Using 1/2 amount Monk Fruit instead of sugar... Aldis for main ingredients














*PERFECT!!!!!!!!!!!







Traeger cooked this flawlessly!!! *


----------



## DRKsmoking (Oct 8, 2021)

Good looking pie, never tried Monk fruit

Little whip cream and i'm in for a few slices

David


----------



## bauchjw (Oct 8, 2021)

Wow! I gotta try that! I’ve never done a pie on the traeger. Never tried monk fruit either, that should be interesting. Great job! Thank you for sharing!


----------



## chopsaw (Oct 8, 2021)

Really nice work . It looks perfect . Way back when I used to do cakes on a Weber kettle . Never tried a pie though . Thanks for posting .


----------



## jcam222 (Oct 8, 2021)

Looks great.

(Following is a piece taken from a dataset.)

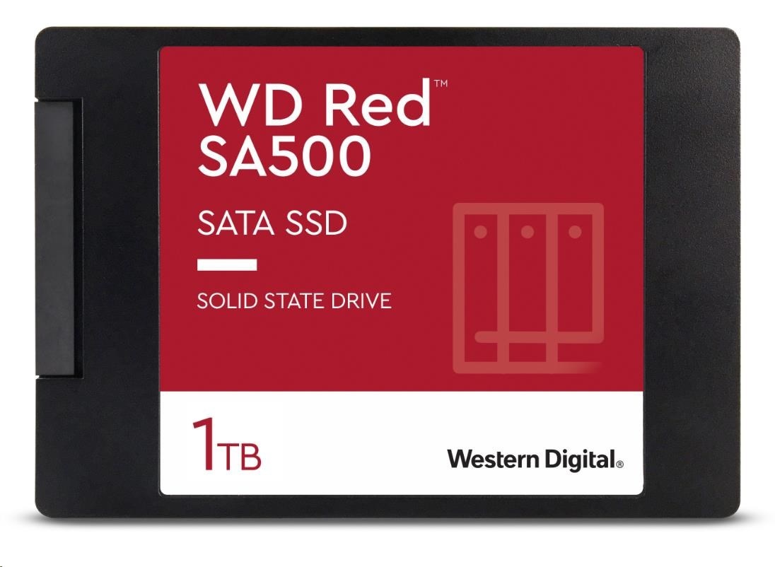 WD RED SSD 3D NAND WDS100T1R0A 1TB SATA/600, (R:560, W:530MB/s), 2.5"Použití disku:Pro NAS; Formát:2.5"; Rozhraní:interní Serial ATA III; SSD Kapacita (GB):1000; Typ disku:SSD; Velikost bufferu (v MB):nespecifikováno; Rychlost čtení MB/s:550MB/s a víc; Rychlost zápisu MB/s:450MB/s a víc; Typ paměti SSD:3D; Životnost zápisu SSD v TB:Min. 600 TBW.

Low carb or regular crust? I love pumpkin anything.


----------



## BrianGSDTexoma (Oct 9, 2021)

Nice!  Been thinking about low carb pumpkin cheese cake.  I been using Monkfruit also.  I just order some of the new one Purecane.  Not a fan of almond flour and have some pecan flour to try.


----------



## eaglewing (Oct 9, 2021)

My math had me at about 25 carbs per slice (8 to a pie)
That's counting pumpkin, condensed milk, and monk fruit divide by 8, plus 9 for the 1 serving of crust 

*BUT,  it's actually LESS if you are worried about blood sugar, (knowledge is king)

according to this, only HALF of sugar alcohol gets absorbed in your blood*








*Seeing as this monk fruit is 4g sugar alcohol, you only count HALF, which makes Monk Fruit over 50% less than real sugar in carb count.*








*So if this is applied, now each piece is 21.5g carb*


----------